Notice how the sems on the three highly correlated parameters aBase, aTrt and their interaction aBXT are now worse than for either WinBUGS or OpenBUGS in fact they are very similar to those obtained by our program that used Stata without calling another program to do the computation. The poorer mixing is again evident in the trace plot.

**Conclusions**

We have to be careful about drawing conclusions from a single example but at least we have demonstrated that WinBUGS, OpenBUGS and JAGS do sometimes vary in terms of speed and mixing.

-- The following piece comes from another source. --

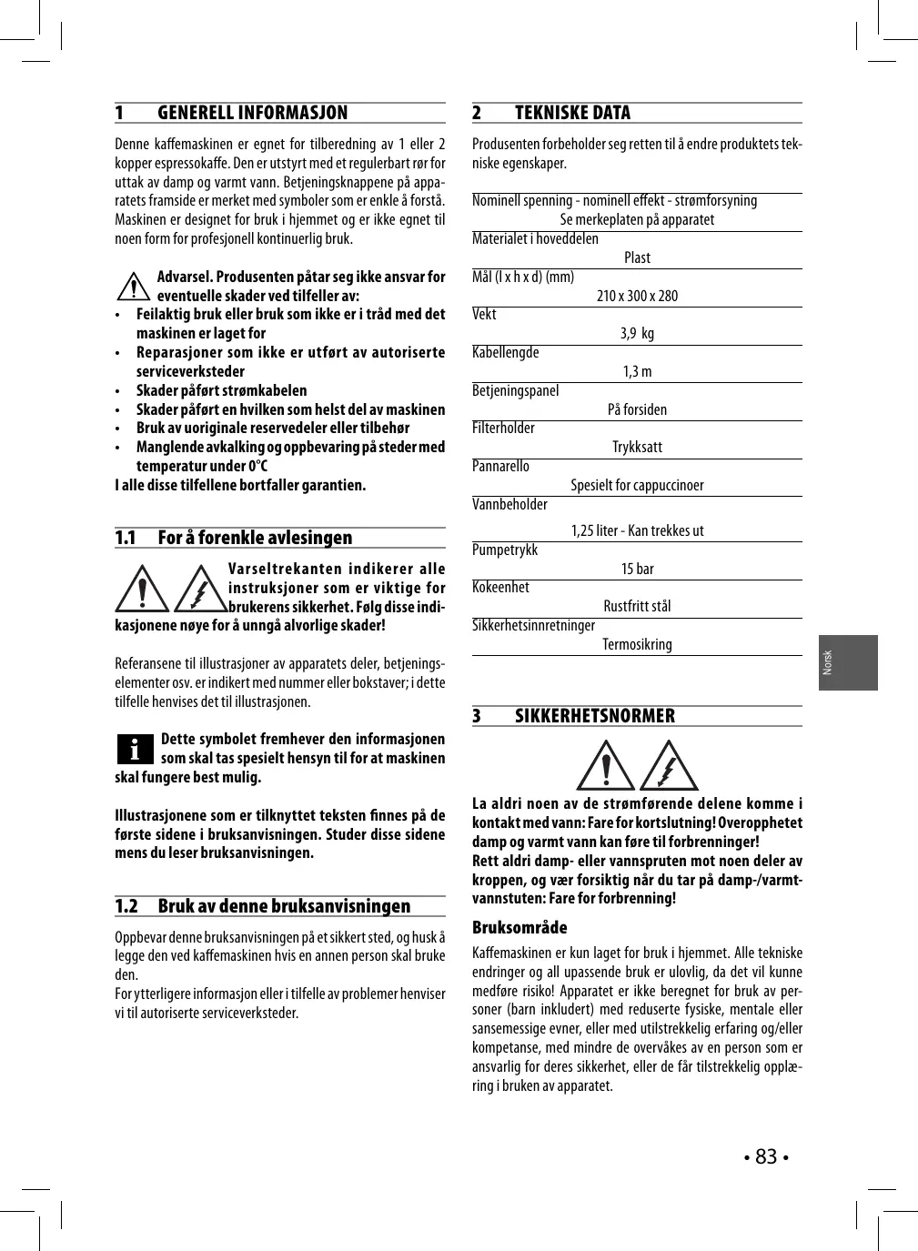GENERELL INFORMASJON Denne kaffemaskinen er egnet for tilberedning av 1 eller 2 kopper espressokaffe. Den er utstyrt med et regulerbart rør for uttak av damp og varmt vann. Betjeningsknappene på apparatets framside er merket med symboler som er enkle å forstå. Maskinen er designet for bruk i hjemmet og er ikke egnet til noen form for profesjonell kontinuerlig bruk. Advarsel. Produsenten påtar seg ikke ansvar for eventuelle skader ved tilfeller av: • Feilaktig bruk eller bruk som ikke er i tråd med det maskinen er laget for • Reparasjoner som ikke er utført av autoriserte serviceverksteder • Skader påført strømkabelen • Skader påført en hvilken som helst del av maskinen • Bruk av uoriginale reservedeler eller tilbehør • Manglende avkalking og oppbevaring på steder med temperatur under 0°C I alle disse tilfellene bortfaller garantien.

We found that for this model, OpenBUGS is clearly better than WinBUGS and WinBUGS is better than JAGS. **But is this fair?** I have used the three programs in what we might call their default mode, that is I have not tried setting options in WinBUGS, OpenBUGS or JAGS that could have improved performance. In particular JAGS is modularized and the user can ask JAGS to add extra modules to the base release. One such module is called glm and is specifically designed to improve the performance of JAGS with this type of model.

Next time I will investigate the use of options in WinBUGS, OpenBUGS and JAGS to see if they do indeed improve performance.

Then my final challenge will be to write a Mata program that can rival these programs for speed and mixing.